* WORK INSTRUCTION: From the first line of the data below through the line bearing "Il dipinto ritrae", reproduce each line exactly; do not include pictures.

* Saved entries:

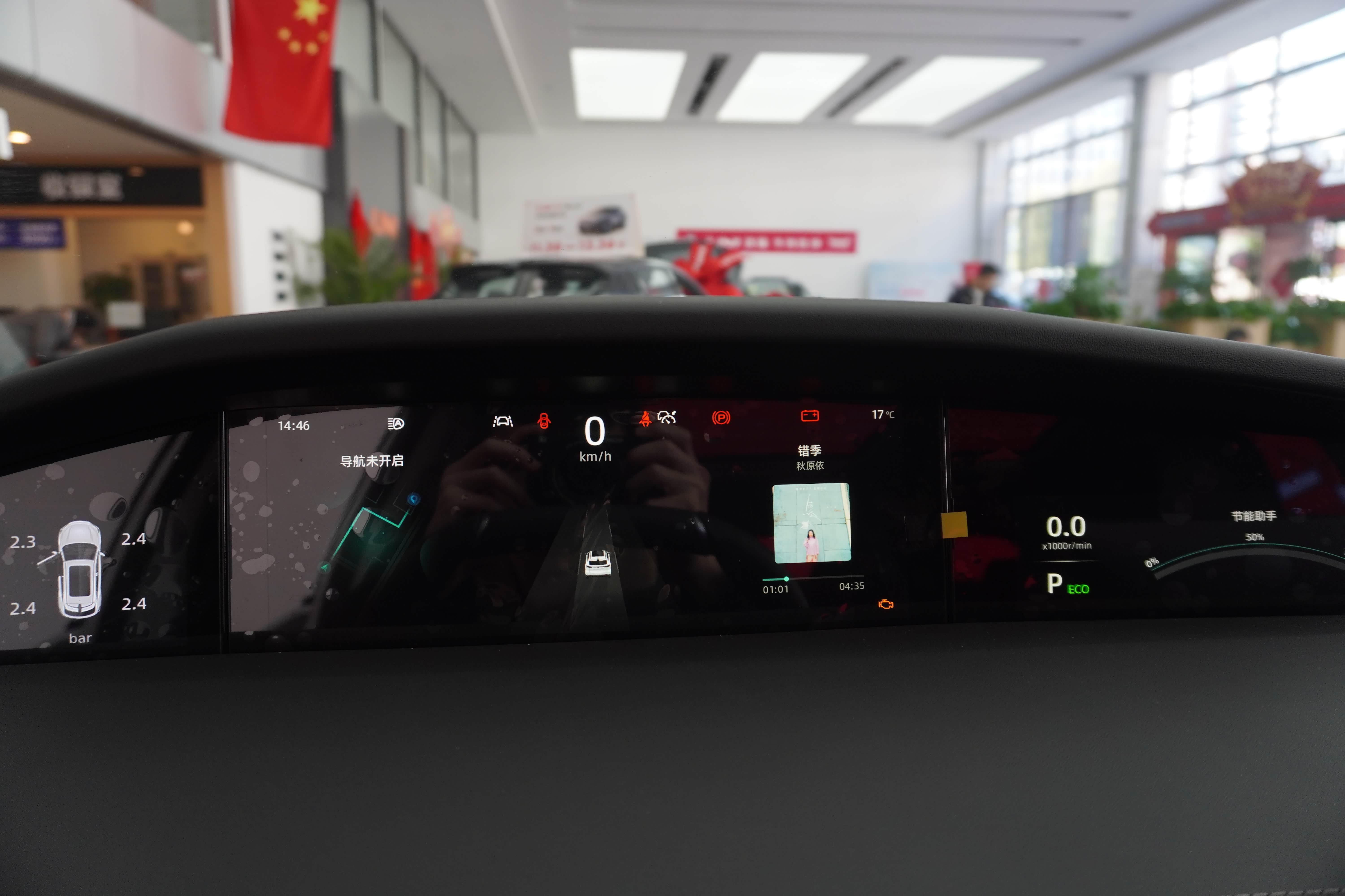 它不是一个整体屏是相加在一块的,这里要说的一点缺点就是,衔接处的缝稍微有那么一点大,但是信息挺丰富的,像最左侧的,是一个主动式的,像中间那块主屏幕能显示音乐、导航,包括行驶的一些道路信息,最右侧的话就是一些油耗、转速的信息。
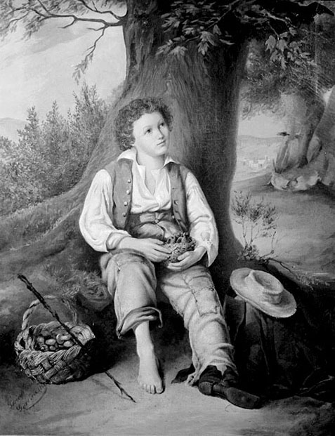 Il dipinto ritrae un bambino seduto alla base di un grosso albero con in mano un nido d'uccelli. La sua modesta condizione è testimoniata dagli stracciati. Calza soltanto la scarpa sinistra, ha appoggiato a terra accanto a sé la giacca e il cappello di paglia. Sulla sinistra un cesto pieno di funghi sul quale è appoggiato un bastone. Sullo sfondo uno scorcio di paesaggio con alberi.
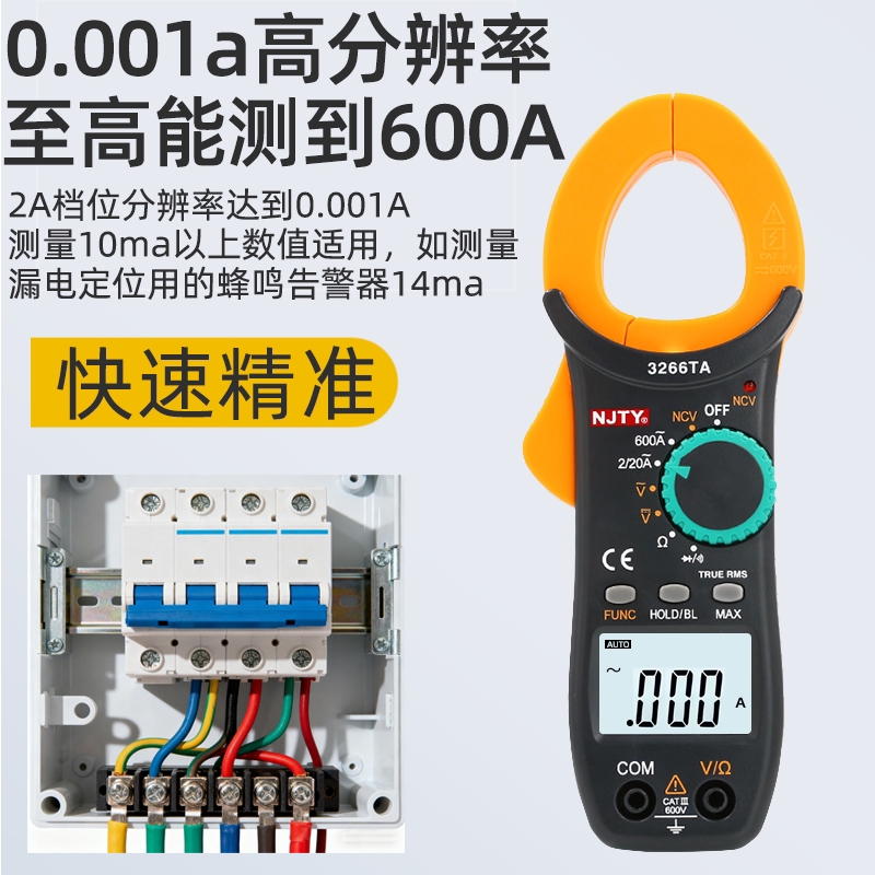 这款高精度数字钳形万用表专为电工设计,具备0.001mA(即1μA)的微小漏电电流检测能力,可精准识别线路中的微弱漏电故障,提升用电安全。采用防烧设计,有效保护仪表在误操作或过载情况下的安全。体积小巧、便携易用,集钳形电流测量与万用表功能于一体,支持交流/直流电流、电压、电阻、通断测试等多种功能。LCD背光显示屏清晰读数,适合家庭、工业及电气设备维护场景。其高灵敏度和稳定性,使其成为排查隐蔽漏电、保障电路安全的理想工具,尤其适用于精密电气检测与节能诊断。
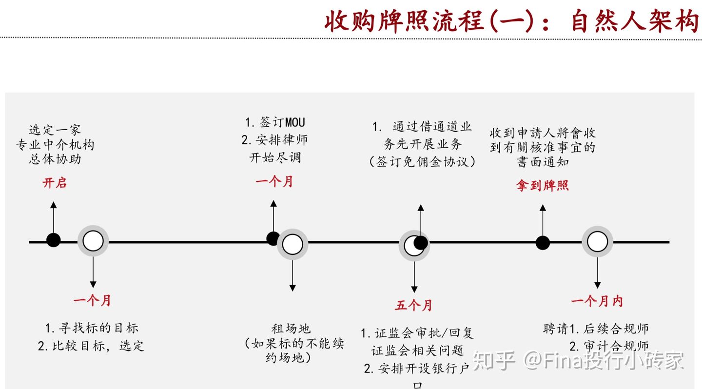 除了申請,收購成為入場港市證券公司最普遍最快捷最簡單粗暴的方法。最快一個月即可完成整個變更及SFC備案。當然,找對人真的真的很重要,否則花了冤枉錢不說,還容易導致不可逆的結果,直接影響收購和備案成功的概率。
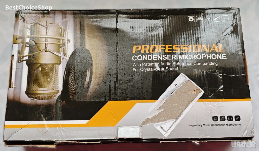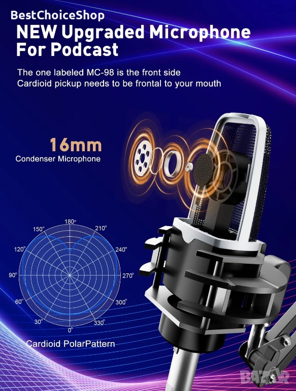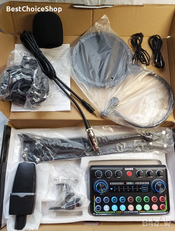 - Оборудване: Комплектът съдържа кондензаторен микрофон, стойка и професионален аудио миксер.
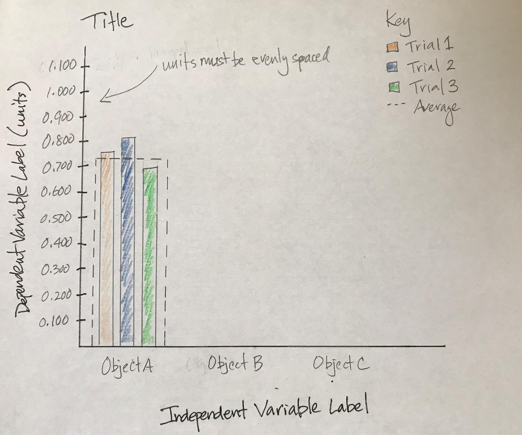 3. Graph: see sample graph for setup (3 trials--3 bars & average--dotted bar); ask for help before this is due
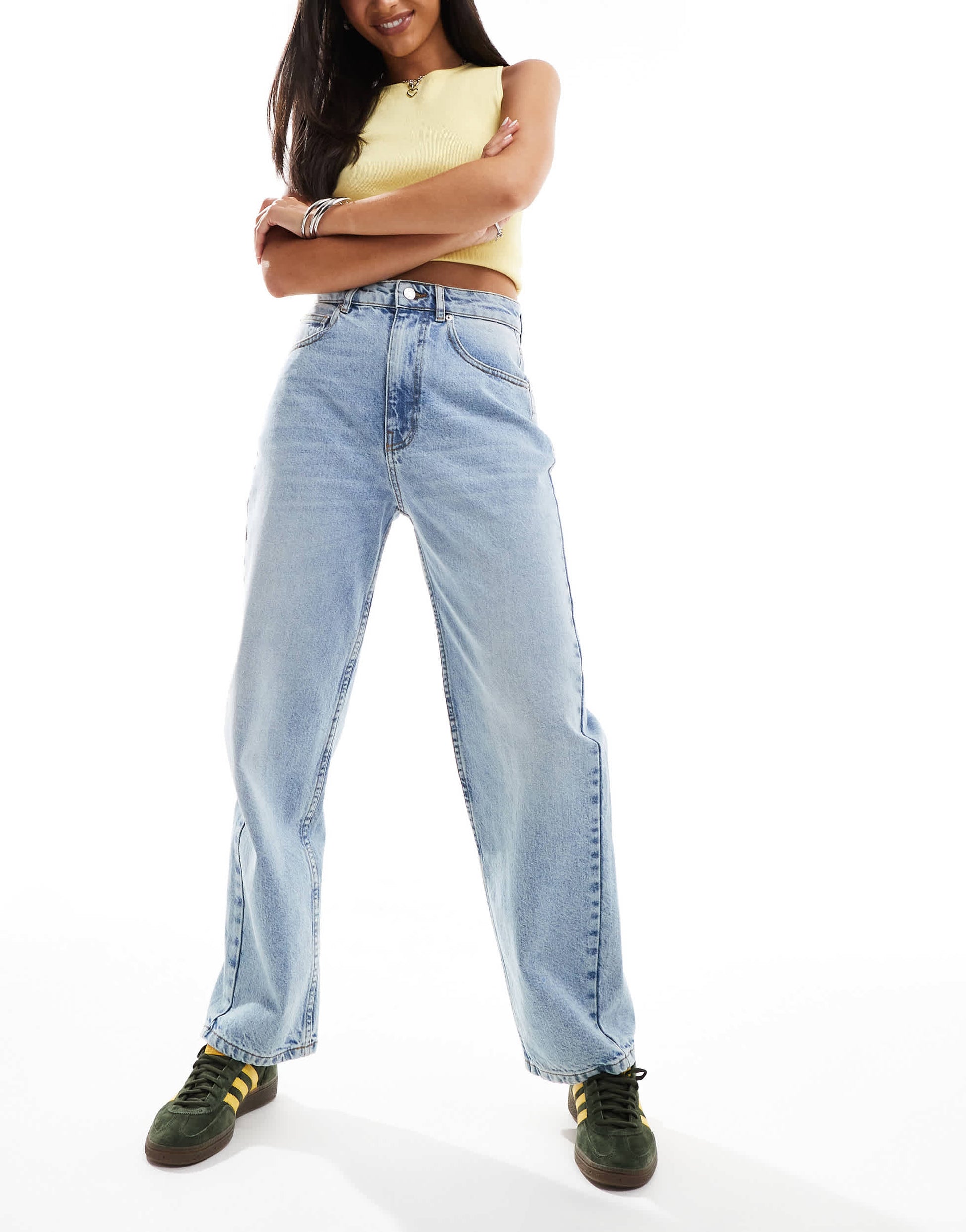 ASOS DESIGN cinched waist barrel leg jean in light mid blue

* SOLUTION TO THIS TASK:
 它不是一个整体屏是相加在一块的,这里要说的一点缺点就是,衔接处的缝稍微有那么一点大,但是信息挺丰富的,像最左侧的,是一个主动式的,像中间那块主屏幕能显示音乐、导航,包括行驶的一些道路信息,最右侧的话就是一些油耗、转速的信息。
 Il dipinto ritrae un bambino seduto alla base di un grosso albero con in mano un nido d'uccelli. La sua modesta condizione è testimoniata dagli stracciati. Calza soltanto la scarpa sinistra, ha appoggiato a terra accanto a sé la giacca e il cappello di paglia. Sulla sinistra un cesto pieno di funghi sul quale è appoggiato un bastone. Sullo sfondo uno scorcio di paesaggio con alberi.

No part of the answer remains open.